O desemprego atingiu até o Papai Noel. Pelo segundo ano seguido, com a queda de vendas no Natal, o comércio abriu um número menor de vagas para desempenhar a função. Em alguns casos, o personagem foi excluído das festas de confraternização de empresas multinacionais – boa parte delas nem vai fazer comemorações.
O resultado da crise é que neste ano até o Papai Noel espera como presente de Natal um serviço temporário de última hora, para ajudar a pagar as dívidas em atraso. Só que a possibilidade de esse desejo se realizar é cada vez mais remota, porque as empresas apertaram o cinto.
Com a crise, os shoppings que contratavam dois Papais Noéis por um período de 45 dias de festejos estão admitindo um só para fazer economia, contou Silvio Ribeiro, Papai Noel há 49 anos e dono da agência Claus Produções Artísticas. Além de dar cursos de Papai Noel, ele recruta a mão de obra de atores para o varejo e empresas. “A crise chegou para o Papai Noel”, afirmou Ribeiro.
Na sexta-feira, por exemplo, ele deu um curso gratuito de Papai Noel no Sindicato dos Comerciários de São Paulo, que envolveu comportamento, história e até técnicas para fazer um perfeito “Ho Ho Ho”. Na plateia havia apenas cerca de 15 pessoas, praticamente o mesmo número do ano anterior. Três anos atrás, quando ocorreu a primeira edição do curso e a crise ainda não tinha atingido a economia de forma tão incisiva, a plateia foi muito mais concorrida: reuniu 40 alunos.
João Molnar Filho, 65 anos, que participou ontem do curso, já trabalha como Papai Noel há alguns anos em hotéis de luxo da cidade. “Neste ano, nenhum hotel me chamou”, disse ele. No ano passado, ele conseguiu ganhar R$ 15 mil por um período de 45 dias, com jornada diária de 12 horas. Mas, neste ano, ele continua esperando uma oportunidade.
Molnar mandou currículos para shoppings, mas não obteve retorno. O que acenou com alguma possibilidade de contratação era muito distante da sua casa. “Não teria condições de sair às 23 horas do shopping e pegar o ônibus para ir para casa.”
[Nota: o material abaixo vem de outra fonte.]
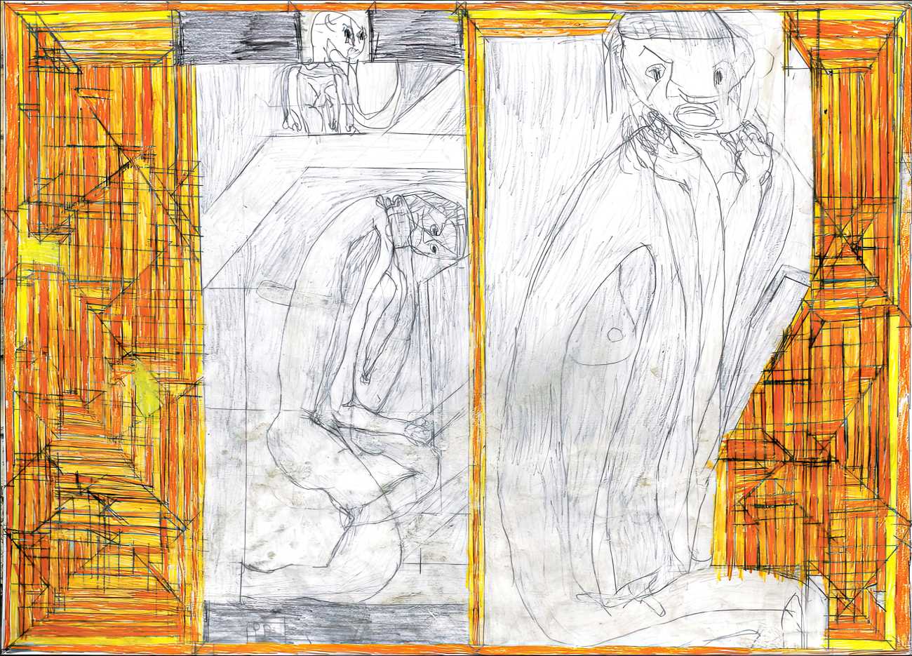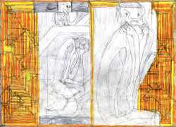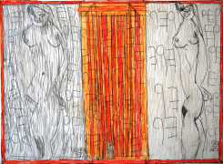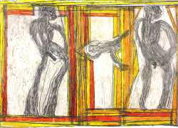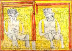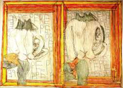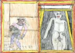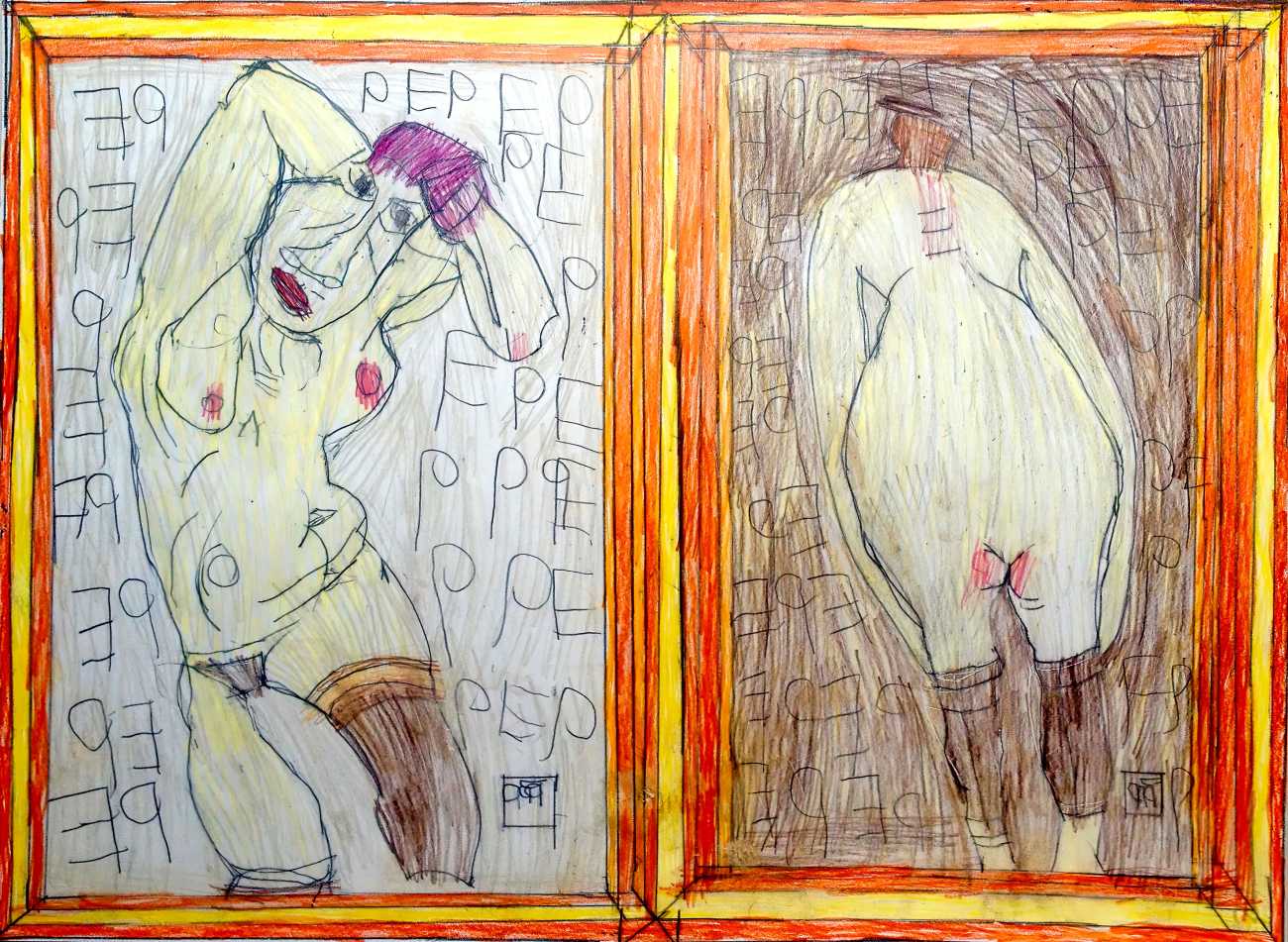 Josef’s father died in 1977, and five years later his mother moved with her two sons to live with her niece in Kirchschlag, where he attended a day clinic. In this new environment the family’s life improved radically. Josef established contact with his cousin’s sons, began to communicate in single words, and started to draw regularly. In 1985 Josef Hofer became an inpatient at Lebenshilfe Oberösterreich in Ried, where the art historian Elisabeth Telsnig noticed his love of drawing and encouraged his creativity.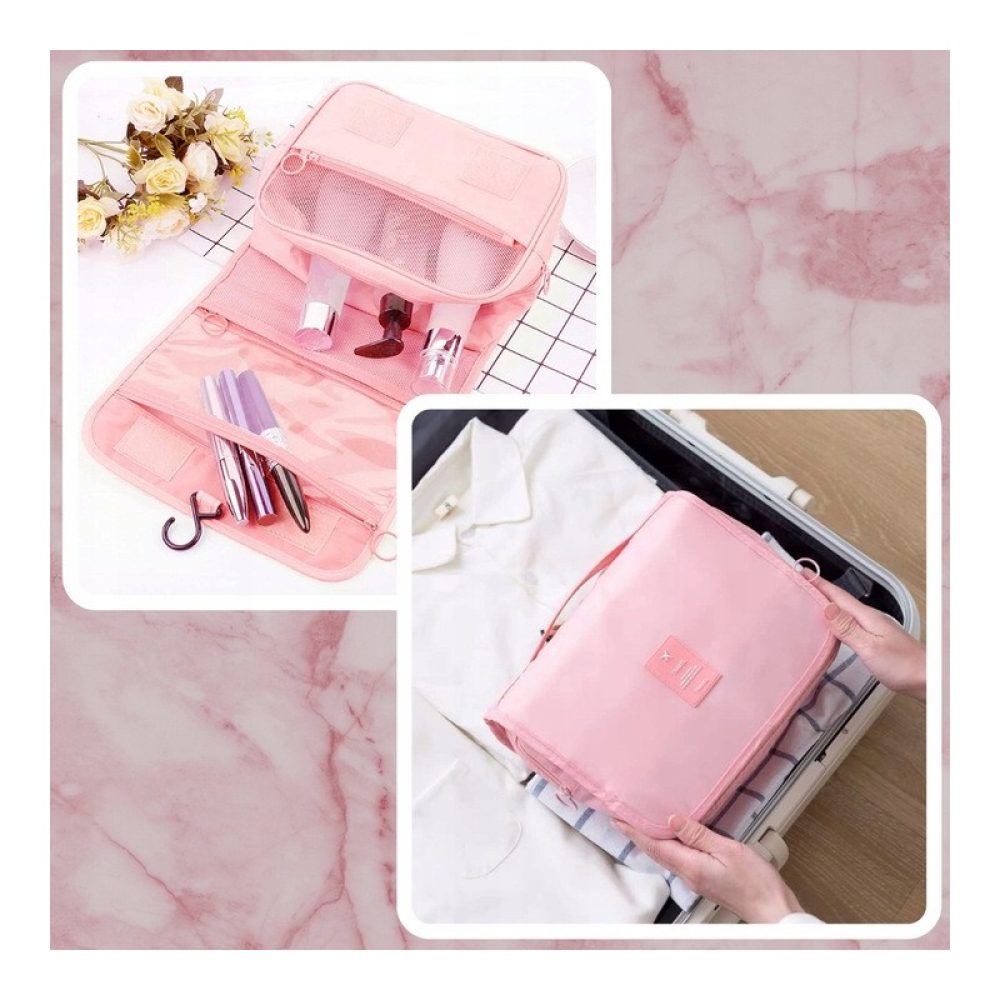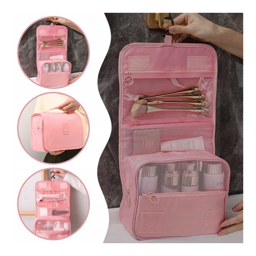 Uma linda bolsa de cosméticos dobrável para mulheres, disponível na cor rosa.

Também o grande número de candidatos a Papai Noel tem dificultado a obtenção de uma vaga. Molnar, que é tarólogo e ex-comissário de bordo, contou que em um shopping de Diadema (SP) havia 14 candidatos para duas vagas. Apesar da grande concorrência, ele está otimista. “Tenho esperança de ser chamado, por isso vim fazer esse curso.”
Desemprego duplo
Também o motorista desempregado José Alves, 62 anos, está otimista como o seu colega de curso, apesar de reconhecer que neste ano o cenário está mais difícil. “Não tenho nada acertado para este ano, mas tenho fé que vou ser chamado para algum serviço temporário de Papai Noel.” Alves tem enfrentado tempos difíceis desde que perdeu o emprego de motorista de ambulância em agosto, quando a empresa na qual trabalhava faliu e ele não recebeu a indenização. Agora, ele se sente duplamente desempregado: como motorista e Papai Noel.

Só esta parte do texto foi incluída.